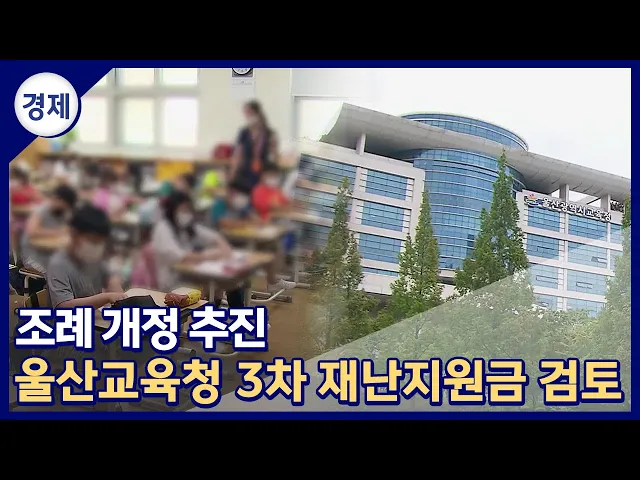 ◀ANC▶울주군이 2차 재난지원금 지급에 들어간데 이어 울산시교육청도 3차 재난지원금을 지급할지를 놓고 검토에 들어갔습니다. 이에 따라 지원금 지급 근거가 되는 관련 조례 개정도 추진되고 있습니다. 유영재 기자 ◀END▶ ◀VCR▶울산시의회에 상정된 교육재난지원금 지원 조례 일부 개정 조례안입니다. 기존 관련...
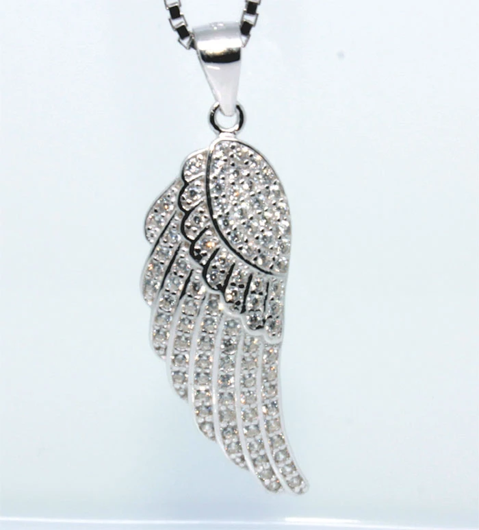 Přívěšek ze stříbra se zirkony. Přívěsek má porodiovaný povrch osazený zirkony. Rodium spolu se zirkony dodává přívěsku jasnou barvu a třpyt. Rozměr křídla 29x10 mm, očkem pro zavěšení je možné protáhnout stříbrný řetízek s průměrem do 3,0 mm.
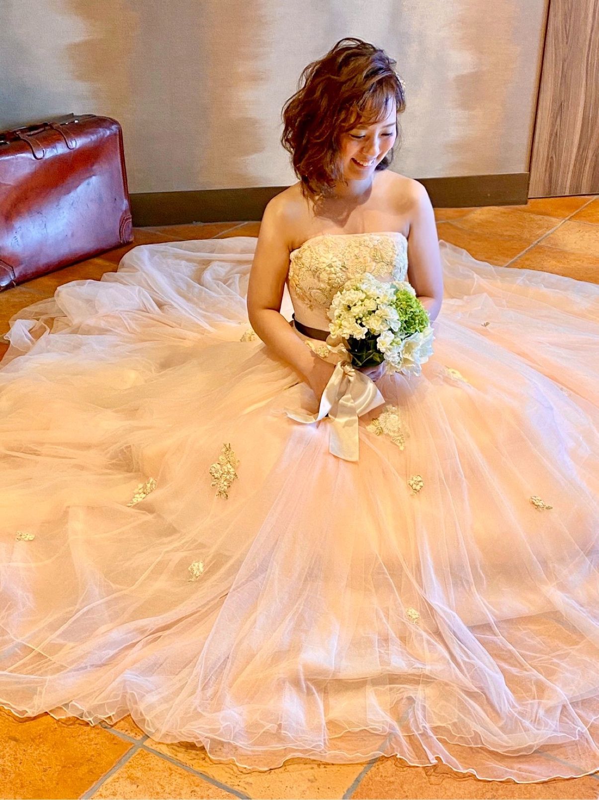 絶妙な色味のドレスなので、原色系やキラキラ系などの華やかなドレスが苦手な方、人とはちょっと異なるデザインのドレスを着たい花嫁さんにもおすすめです^^着用時に、新郎のタキシードと同色のリボンをウエストマークにして統一感を出しました。
##############################
:: The task ::
Leaving out all pictures, transcribe the listing exactly.

:: Exercise response ::
 ◀ANC▶울주군이 2차 재난지원금 지급에 들어간데 이어 울산시교육청도 3차 재난지원금을 지급할지를 놓고 검토에 들어갔습니다. 이에 따라 지원금 지급 근거가 되는 관련 조례 개정도 추진되고 있습니다. 유영재 기자 ◀END▶ ◀VCR▶울산시의회에 상정된 교육재난지원금 지원 조례 일부 개정 조례안입니다. 기존 관련...
 Přívěšek ze stříbra se zirkony. Přívěsek má porodiovaný povrch osazený zirkony. Rodium spolu se zirkony dodává přívěsku jasnou barvu a třpyt. Rozměr křídla 29x10 mm, očkem pro zavěšení je možné protáhnout stříbrný řetízek s průměrem do 3,0 mm.
 絶妙な色味のドレスなので、原色系やキラキラ系などの華やかなドレスが苦手な方、人とはちょっと異なるデザインのドレスを着たい花嫁さんにもおすすめです^^着用時に、新郎のタキシードと同色のリボンをウエストマークにして統一感を出しました。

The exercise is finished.